Again, I’m saying it isn’t unique. Maybe it is in the sense that, yes, if you’re playing an ape, you have to study apes, and you have to understand their physicality and behaviour. But Caesar isn’t just an ape; he’s an ape who’s evolving into a very humanlike character. It’s like every single character you play as an actor— it requires research and investigation into psychology, physicality, emotion, and a building together of all those things, and trying to find a way of expressing those things. But throughout it all you’re putting yourself under the microscope, and I’m putting myself under the microscope to connect with Caesar. And that’s what you do in acting. You use your imagination and your emotional muscle memory to make these events feel truthful.

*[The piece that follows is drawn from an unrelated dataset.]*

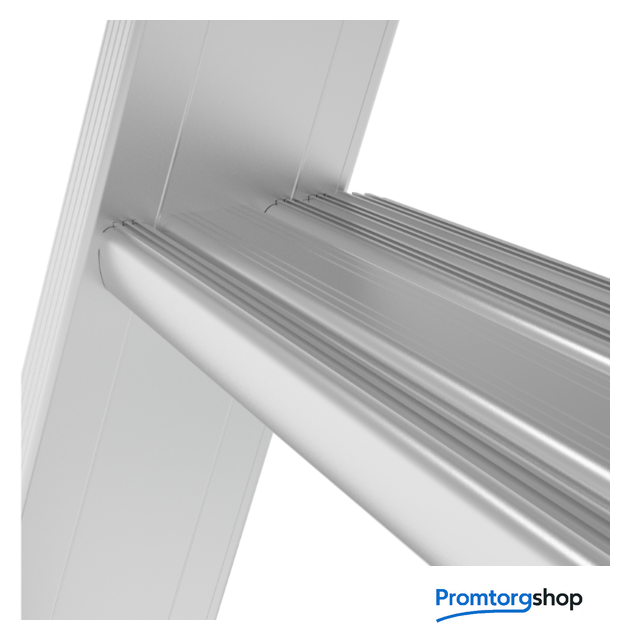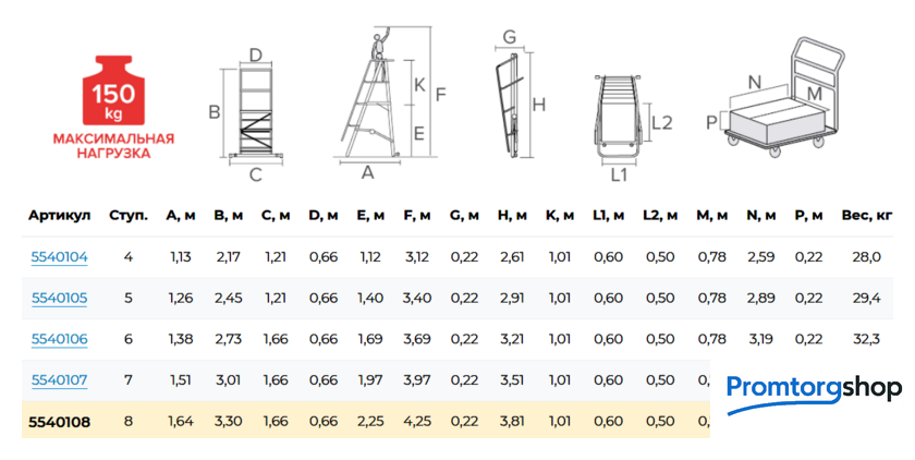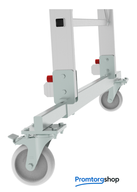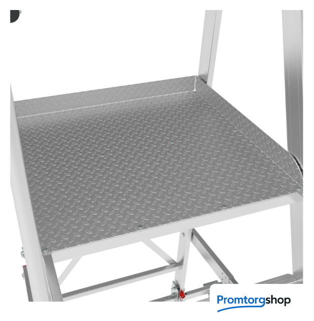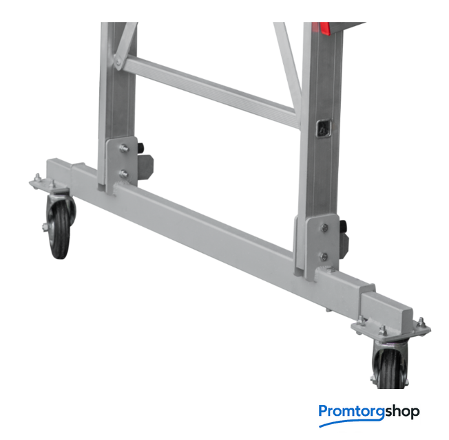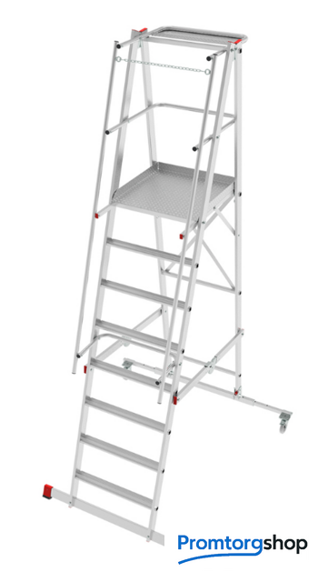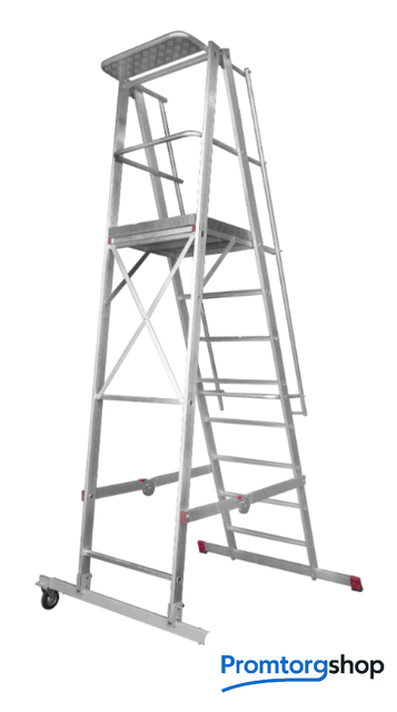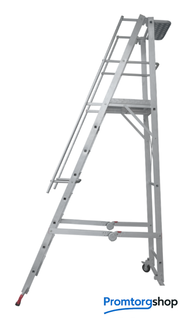 | Тип | лестница передвижная, складная. Мобильные складные подмости для коллективного использования с интенсивными нагрузками снаружи и внутри помещений. Незаменимы для работы на складских стеллажах. Большая рабочая площадка 600×500 мм. Пространство для поворота и боковых перемещений. Трехстороннее ограждение площадки (перила) и страховочная цепь на входе. Точка опоры на высоте. Поручни по обеим сторонам лестницы для безопасного подъема и спуска. Рифленые развальцованные ступени 80 мм (евростандарт) с жестким алюминиевым профилем в основании для надежного сцепления. Вальцовочное крепление ступеней. По прочности не уступает сварке. Компактно складывается для хранения и транспортировки. В сложенном состоянии занимает мало места. Шарнирные замки с автоматической фиксацией регулируются одной рукой. 2 поворотных колесных опоры 125×30 мм с фиксацией угла поворота и тормозом. Широкие опорные траверсы стабилизируют лестницу. Одна из траверс телескопическая, с изменяемой длиной для создания максимально широкой площади опоры. Башмаки траверсы из 2х-компонентного пластика с прорезиненной опорой. Не скользят и не повреждают поверхность. Страна производства: Россия |

And how exactly do you connect with Caesar on an emotional basis? Do you see any similarities between you and this militant ape? 

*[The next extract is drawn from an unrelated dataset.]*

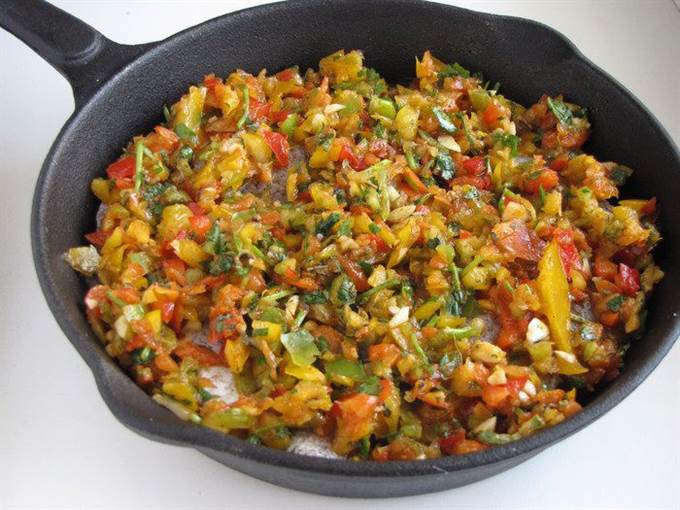 • Выложить соус на рыбное филе, поставить сковороду в духовку, разогретую до 200 град. на 25 минут.

Well yeah, I do think, as I say, that his ability to be empathetic comes from his sense of being an outsider and I suppose I feel that. I feel connected to Caesar deeply in that way because of my heritage. My father was Iraqi and I was brought up in England. I always felt a sense of being a kind of global traveler, really, from a very early age, and therefore not particularly just seeing the world from one point of view, but being able to see a bigger picture in some way.

You develop unique voices for each of your roles. What kind of thought goes into creating a voice for a character?

A voice is obviously part of the expression that comes with the psychology and the emotional drive of the character. If you take Gollum, for instance, the way that Gollum sounds is bound up with the guilt of killing his cousin by strangling him. And that guilt has been trapped in his own thoughts and constricts and disables him in a way. So when I’m searching for the voice, it isn’t sort of plucking it out of thin air, it’s linking it physically, emotionally, and psychologically to what that character is.

Can you tell me what went into the development of Supreme Leader Snoke’s voice?

Again, he’s a deeply wounded character, and his anger and rage is sort of conflicted with his deformities. So the way that voice comes out is very much bound up with a sense of revenge and a desire to use power from the dark side of the Force to maximum effect.

When you first got the call to play Gollum in Lord of the Rings, were you apprehensive of playing a role with this weird, newfangled performance-capture technology?

Well yeah, because that technology really hadn’t been fully examined before. It had never really had been used in the filmmaking industry successfully. So it was a gamble to do that. But you know, I was working with a great visionary, Peter Jackson, so it was a certainly a gamble that was immediately worth taking.

And what about the future of performance-capture in film? How do you see it evolving?

The thing is, performance-capture sits very centrally in next-generation storytelling across lots of different platforms and arenas. So, it’s obviously been used in films, but also video games, of course. Performance-capture is used increasingly in video games because now their scripts are so developed and actors’ performances are being seen and valued in them. And then, with all the emerging technologies like virtual reality and augmented reality, it’s an ever-increasing platform for actors to express themselves. It allows them to play anything, to play any character. That’s the most extraordinary thing about it.

It’s the end of typecasting.

It is absolutely the end of typecasting.